United Airlines parent UAL Corp, which filed the industry's largest bankruptcy in December, said its second-quarter loss almost doubled to US$623 million because of reorganization costs from rejecting some aircraft.
The net loss widened from US$341 million in the same period of last year and was US$6.26 a share, up from US$6.08 a year ago when fewer shares were outstanding, Chicago-based UAL said in a statement.
Sales fell 18 percent to US$3.11 billion from US$3.79 billion.
UAL, the world's second-largest airline, had reorganization expenses of US$397 million, with about two-thirds of that for claims related to scrapping planes it no longer needs as demand falls.

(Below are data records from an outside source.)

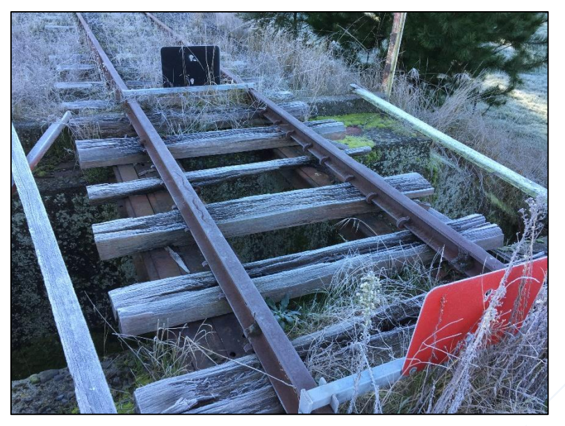
Figure 13. - Bridge at 23.6km

The bridge has an open deck, the beams are steel and the abutments are concrete. The bridge is in reasonable condition except for the transoms (sleepers that have been machined to a uniform depth). The transoms require replacing before trains commence operation.
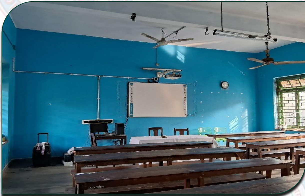
Smart Classroom (1)

Integrated technology for interactive lessons.
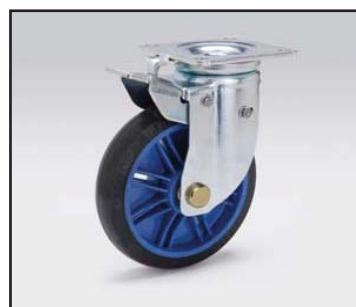
Directional Lock Castor

While operating costs fell 17 percent mainly because of labor concessions, UAL was unable to match lower sales and fares that persisted with the Iraq war and a deadly illness in Asia.
"They're still losing a lot of money and they have several significant hurdles to clear before they can emerge from bankruptcy," said Standard & Poor's analyst Philip Baggaley.

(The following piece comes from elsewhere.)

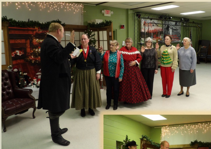
PDC Warren installs the officers of the Auxiliary and the Camp.
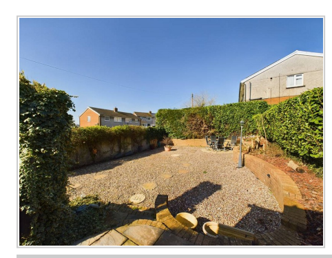
Rear Garden 1

Mature bushes and shrubs, stone area, two patio areas, pond.

"They are making good progress on improving their cost structure," he said.
UAL's results were the worst among the five biggest US airlines, three of which posted net income with help from US government payments for some security costs.
The net loss at American Airlines parent AMR Corp, the world's largest airline company, was US$75 million, or US$0.47 a share.

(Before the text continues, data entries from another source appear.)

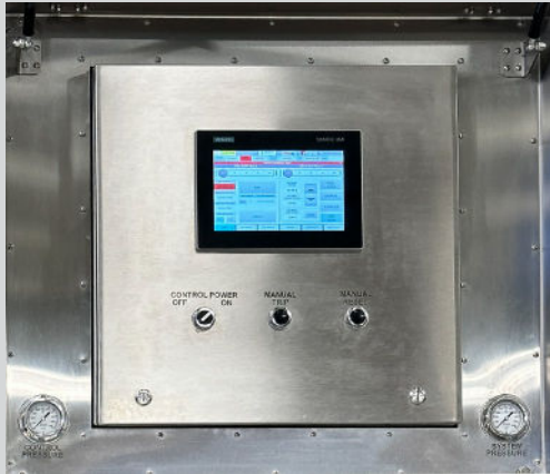
Pressure Relief Valve and Letdown Valve Hydraulic Control Console
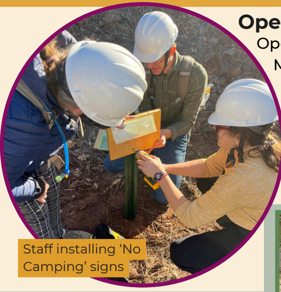
Staff installing 'No Camping' signs

Volunteers also took advantage of a break in the weather to remove old tires, ceramic floor tiles, and other debris from the interior of Picture Canyon, helping to keep the area clean and welcoming for visitors.
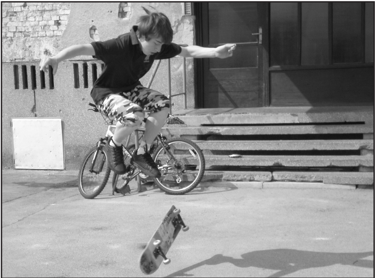
A FILM ABOUT TOBO Kinoklub Karlovac, Karlovac
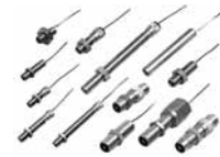
VRS Power Output Series
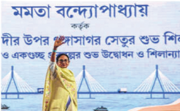
West Bengal CM Mamata Banerjee during laying of the foundation stone for the 'Gangasagar Setu', a 5-km-long bridge over Muriganga river to connect Sagar Island, in South 24 Parganas district of West Bengal on Monday

"Post SIR exercise, the way TMC had conducted the elec-
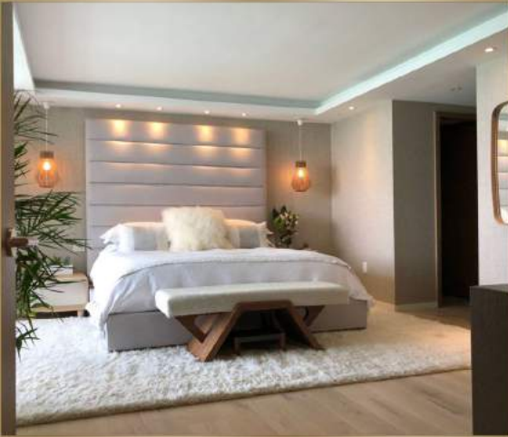
Modern Executive Bedrooms
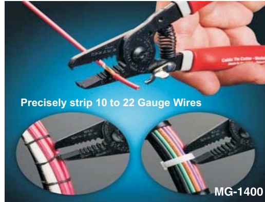
MG-1400 Patent # 8,365,418

Chief executive Glenn Tilton said in the statement that the quarter "began as a severe challenge for United and the industry as a whole, but we saw a particularly positive trend as we moved through the period."
Revenue per passenger for each mile flown rose 4 percent in June from the year-ago month and labor costs fell during the quarter as the company negotiated wage reductions, he said.
UAL has said it may exit bankruptcy as early as this year's final quarter.
Baggaley said he doesn't expect that to happen until early next year because UAL still must conclude "numerous difficult creditor negotiations," stay in compliance with terms of its bankruptcy loans, get a federal loan guarantee to help raise capital, and meet "substantial upcoming pension funding requirements."
United so far has rejected 12 planes and sold one, a Boeing Co 747, spokesman Jeff Green said. The company ultimately expects to save money by operating fewer aircraft.